Затем, проникнув в дом, они без приглашенья

Садятся к вам за стол без всякого смущенья

И, рот набив едой, перестают болтать,

Хоть видно по глазам, как трудно им молчать.

В зубах поковыряв и пошептав молитву,

Они вас просят пить, с едой окончив битву,

И снова речь ведут: теперь в их болтовне

Все время слышится: «Что вы дадите мне?»

Такой рефрен всегда имеет их баллада.

Мне после этих встреч лекарство выпить надо:

Я болен, у меня кружится голова,

Весь искалеченный, я двигаюсь едва.

Один такой болтун — сердитый меланхолик.

Гримасничает он, как бы томясь от колик,

Потеет, кашляет, плюется — просто страх.

Так тонко речь ведет, что смысла нет в словах.

Другой — честолюбив, и за свои творенья

Принять высокий сан готов без промедленья;

Сонет обдумывая, видит пред собой

Аббатство, что ему назначено судьбой.

Кто так же, как и я, труды их в грош не ставит, —

Тупица, неуч, лжец! Его сужденьем правит

Лишь зависть черная к достоинствам других,

Хотя молва давно талант признала их,

И только он один их умаляет славу;

В восторге дамы все, так им пришлись по нраву

Их дивные стихи, и даже по ночам

Они находятся у изголовья дам;

И в церковь их берут с собою не напрасно:

Стихи написаны божественно прекрасно.

О жителях небес тут, видно, речь идет:

Любой из них вино с богами рядом пьет,

Любой с Минервою знаком, он — светоч знанья,

И ждет от Франции почета и признанья.

Ронсар и те, о ком здесь умолчали мы!

Как можете терпеть вы, светлые умы,

Чтоб эта мошкара свое равняла пенье

С тем, что вы создали, и, словно в исступленье,

Пятнала царственные ваши имена?

Все вырождается в иные времена!

Бесстыдством окружен, чей разум, чье сознанье

Сумеет отличить невежество от знанья?

Подделку от того, что подлинно? Чей взгляд

Узрит любимца Муз, лишенного наград?

Зову в свидетели потомков! Ваше зренье

Сумеет разглядеть бессмертное творенье,

А справедливость, ум и вкус, присущий вам,

Откроют блеск его соседним племенам.

Вы твердо скажете, кто лебедь Аполлона,[445]

А кто бессовестная дерзкая ворона,

В чьем наглом карканье нетрудно угадать

Желанье лаврами бессмертья обладать.

Сатира III(Фрагмент)

Маркизу де Кевр[446]


Маркиз, что делать мне с такой неразберихой?

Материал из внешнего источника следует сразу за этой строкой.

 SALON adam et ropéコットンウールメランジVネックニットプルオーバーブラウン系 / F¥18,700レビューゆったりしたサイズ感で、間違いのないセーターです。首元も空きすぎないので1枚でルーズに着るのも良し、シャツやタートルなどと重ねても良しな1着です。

Предаться, кинув свет, ученью в келье тихой,

И с Аристотелем, с Гомером на столе

Колосья подбирать на греческой земле —

Остатки жатвы той, что собрана недаром

В свои хранилища Депортом и Ронсаром,

И честь им принесла, и славу, чтоб они

Гигантам прошлого равнялись в наши дни.

Что делать? Иль служить и при дворе остаться,

Чтобы несбыточной надеждою питаться,

Быть воплощенною немилостью, скучать,

В опале жить мечтой и в бешенстве молчать,

Но и мечтать устав, больным, в душевной смуте,

Издохнуть на тряпье в каком-нибудь приюте.

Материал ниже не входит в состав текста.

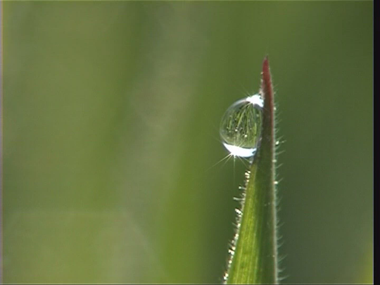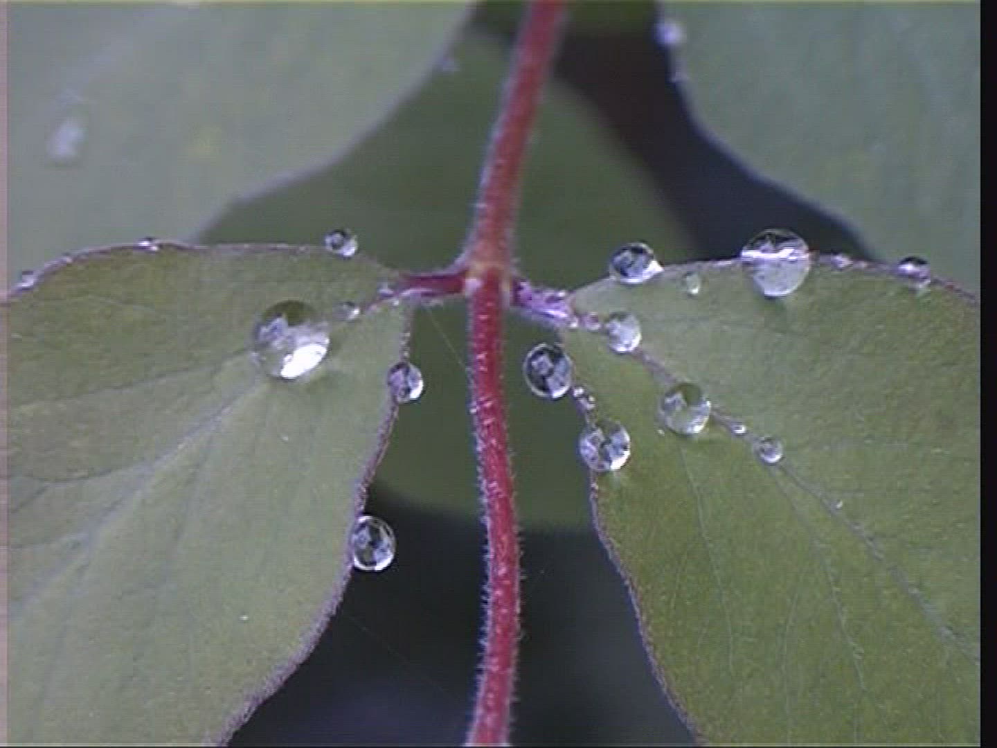 > CU Raindrops on leaf of plant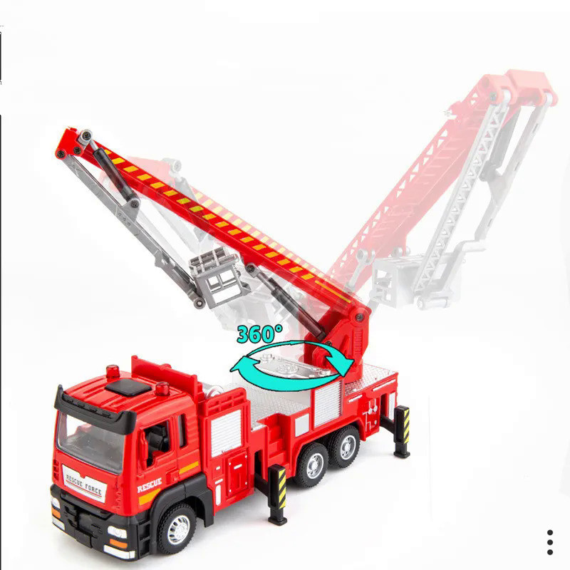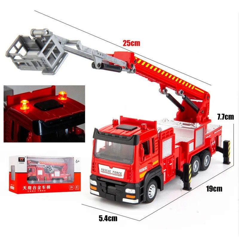 1:50 Baru Model Truk Api Tangga Tarik Ke Belakang, Kemasan Asli Mainan Mobil Penyelamatan Api, Hadiah Anak-anak, Grosir

В Тоскане ль будет он, в Савойе — все равно.

Мне с богом воевать до гроба суждено!

Молчишь маркиз, но мне ответ заране ясен.

Как с ураганом спор, с судьбою спор напрасен:

На ощупь мы живем — так этот мир идет, —

Кто честно трудится, тот чахнет от забот.

Двуногой сволочью разгневанные боги

Нам благо шлют ценой труда, нужды, тревоги.

Мир — сумасшедший дом, мы кружим вместе с ним.

Ты мнил, что выиграл, ан проигрался в дым.

Все лотерея в нем, все случай, все неверность,

Ты выбирал, искал, а вышла та же скверность.

Зависишь от судьбы, а ей ты ни к чему.

Швыряет блага в мир и не глядит кому.

Но если уж нельзя бороться с этой силой,

Не тщись ниспровергать закон, тебе постылый,

Пускай он слеп, молчи, он слеп равно для всех.

Кто с Небом согрешил — избрал почетный грех.

И мыслить не дерзай, мысль — это сон, не боле,

Свобода лишь во сне дана земной юдоли.

Свободы в мире нет — барон ли, князь ли, граф,

А кто-то выше есть, и высший — он и прав.

Пока живешь, ты раб — до гробовой минуты,

У всех один покрой, различны только путы:

Из золота — одним, железные — другим,

Но стариков не тронь, оставь забаву им:

Их философию, их споры, школы, книги.

Всем этим словесам не снять с умов вериги!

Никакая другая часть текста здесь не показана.